At the start of October, before our recent two defeats in Euro 2016 Group H, Malta was in 157th position in the world.

Should we accept such mediocrity after such heavy investment in the local game?

For the first few years after the MFA’s evolutionary process began in the 1980s, one could well understand that appreciable results would take time to come but now it’s three decades – a lifetime to restructure a sport.

We should now be reaping the toils of our labour not struggling as we are scraping the bottom of the barrel.

Hearing one of the television commentators at the end of the Norway-Malta qualifier earlier this month state that at least we only lost 2-0 is farcical to say the least.

Has this pundit not realised that with the new UEFA format goal difference is not the first yardstick for classification but direct confrontations are taken into consideration?

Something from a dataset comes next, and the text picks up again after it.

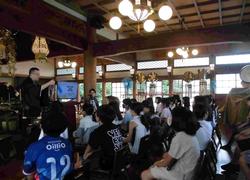 4年生のチャレンジ(総合的な学習の時間)では地域を材に学級ごとに学習しています。今日は妙蓮寺を学習材として取り上げている学級が妙蓮寺に直接行き、本堂で副住職のお話を聞きました。妙蓮寺の歴史的なことを含め丁寧に説明をしていただきました。
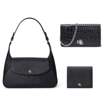 Seize the day with this Schylar Bag, Tech Case & Wallet Trio. Whether running errands in style or attending a dinner in chic fashion this bundle has a bag for you. With a sculptural, curved silhouette and sumptuous crosshatch leather, the medium Schylar shoulder bag is a refined addition to your accessories collection. It features a top handle with an 8.5" drop and a magnetic snapped closure for convenience. Inside, you'll find a zip pocket and polyester lining. Schylar Bag Dimensions: 6.5" H x 11.75" L x 3" D. Feeling edgy? The perfect grab-and-go bag for storing your phone and credit cards, the stylish tech case crossbody is crafted with glossy crocodile-embossed leather for subtle texture and refined style. Lauren's signature turn-lock closure lends an iconic touch. Chain crossbody strap with a 21" drop length. Exterior slip pocket and two credit card slots at the interior for storage. Tech Case Dimensions: 3.75" H x 7" L x 1.5" D. Finish off your ensemble with the crosshatch leather compact wallet. Bi-fold design with multiple card slots and pockets. Polished “LRL" hardware at the front adds signature style. Wallet Dimensions: 3.5" H x 4.25" L.

Before, when goals were taken into account, all teams went out to hammer the minnows of the occasion but now it’s of marginal importance.

A team like Norway, that was to figure in a decisive away match to a strong team like Italy next, would, in this revised scenario of qualification criteria rules, play the game, secure the result and then cruise until the final whistle, avoiding injuries and conserving their energies.

This new format works in favour of the weaker teams as the onslaught is avoided... piling up the scoreline against Malta is of no significance when within 48 hours they have a do-or-die encounter.

Small countries like Cyprus, Estonia, Iceland, Montenegro, Liechtenstein and Luxembourg, are all above us in the rankings.

Iceland have qualified for Euro 2016, so why can’t our national team make the quality leap?

This has nothing to do with a particular national coach or MFA president but with our national team and its future.

The question merits an answer and I think that the MFA should seriously tackle this matter by setting up a commission where all stakeholders sit down to identify the problem and then come up with a holistic strategy.

What do Iceland, Cyprus and others have that we don’t?

Football is by far the most popular sport on the islands.

It is also the only sport that can sustain itself on its own financial means and the only sport with an array of state-of-the-art facilities.

Malta and the Maltese deserve better.

Note: Pippo Psaila was national team coach between 1991 and 1993.